Requires-Dist: pytest-cov>=4.0.0; extra == "dev"
Requires-Dist: ruff>=0.1.0; extra == "dev"
Requires-Dist: isage-pypi-publisher>=0.2.0.0; extra == "dev"

# sagellm-comm

## Protocol Compliance (Mandatory)

- MUST follow Protocol v0.1: https://github.com/intellistream/sagellm-docs/blob/main/docs/specs/protocol_v0.1.md
- Any globally shared definitions (fields, error codes, metrics, IDs, schemas) MUST be added to Protocol first.

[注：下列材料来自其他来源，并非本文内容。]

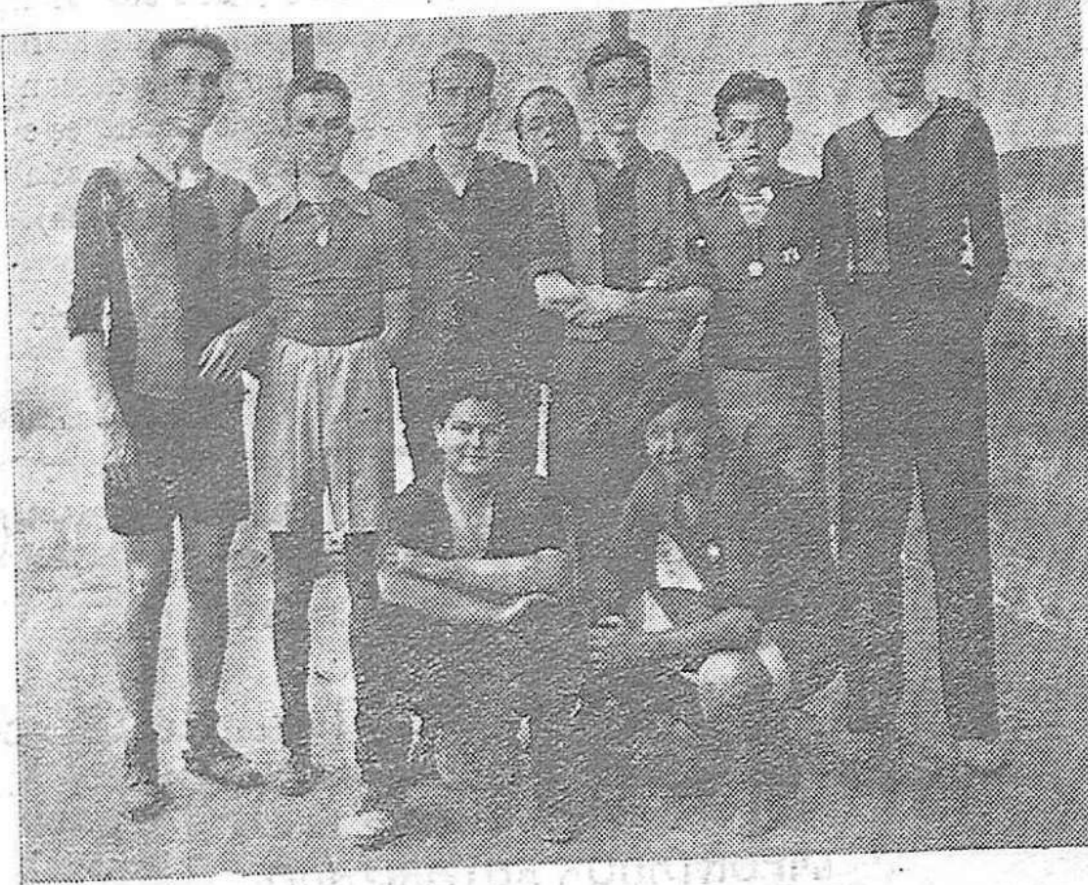
Equipo vencedor del partido de baloncesto celebrado en el campo deportivo de los Salesianos y organizado por el S. E. U. de Córdoba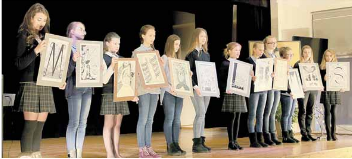
Iš raidžių piešiniuose susidėjo menininko inicialai ir visa pavardė

Nors renginys vyko jau besibai-giant penktadienio pamokoms ir gana ilgai užtruko, pilnoje mokinių ir mokytojų mūsų gimnazijos salėje kartu praleistas laikas neprailgo. Renginį išradingai, nuoširdžiai vedė buvęs Mažeikių muzikos mokyklos direktorius,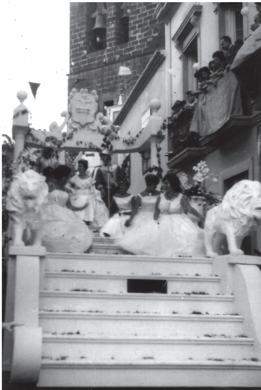
Batalla de Flores II, 1960. Carroza de la Reina de la Bajada de la Virgen a su paso por la calle Pérez de Brito en su cruce con la avenida El Puente.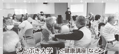
ことぶき大学 <健康講座など>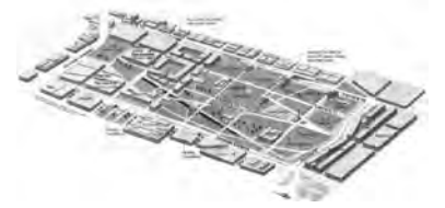
Concurso de ideas. Primer puesto

Desde aquí, se abordaron los frentes de gestión: compra de predios, acciones de sostenibilidad y desarrollo del proyecto arquitectónico, temas que fueron inseparables en el proceso. No se compró suelo, sin acometer previamente la gestión social. Se compraba manzana por manzana en áreas “controlables” desde la periferia hacia adentro, con el fin de conseguir gobernabilidad del territorio y evitar la invasión de los predios, o tener al final dispersión de predios adquiridos por toda la zona, donde sería imposible realizar un proyecto. Quedó para el final, la zona más deteriorada, habitada por la población de difícil integración social. De igual forma, el proyecto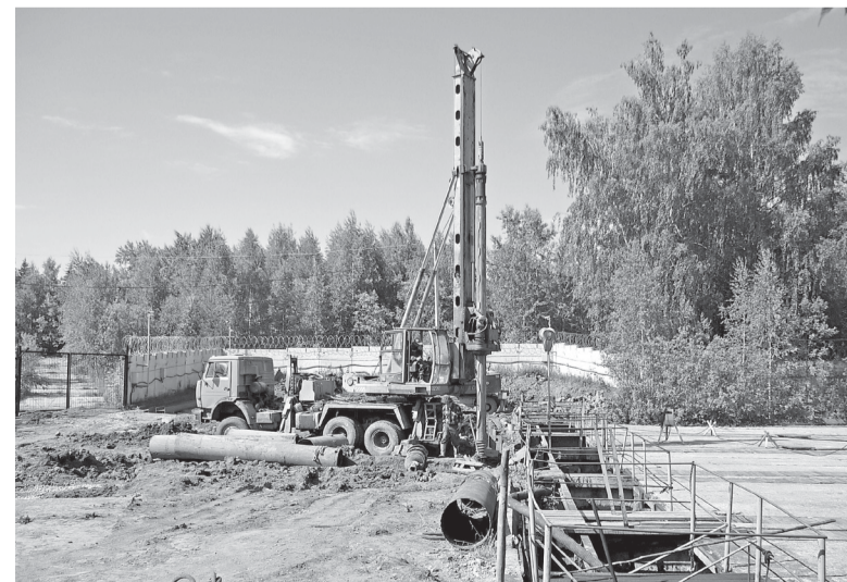
Ведутся земляные работы

[![CI](https://github.com/intellistream/sagellm-comm/actions/workflows/ci.yml/badge.svg)](https://github.com/intellistream/sagellm-comm/actions/workflows/ci.yml)
[![PyPI version](https://badge.fury.io/py/isagellm-comm.svg)](https://badge.fury.io/py/isagellm-comm)
[![Python Version](https://img.shields.io/pypi/pyversions/isagellm-comm.svg)](https://pypi.org/project/isagellm-comm/)
[![codecov](https://codecov.io/gh/intellistream/sagellm-comm/branch/main/graph/badge.svg)](https://codecov.io/gh/intellistream/sagellm-comm)

**通信硬件抽象层** - 为 sageLLM 提供分布式通信能力（NCCL/HCCL/Gloo）

## Overview

sagellm-comm 是 sageLLM 的**通信硬件抽象层**，与 sagellm-backend（计算硬件抽象层）**平行**，专注于分布式推理的通信需求。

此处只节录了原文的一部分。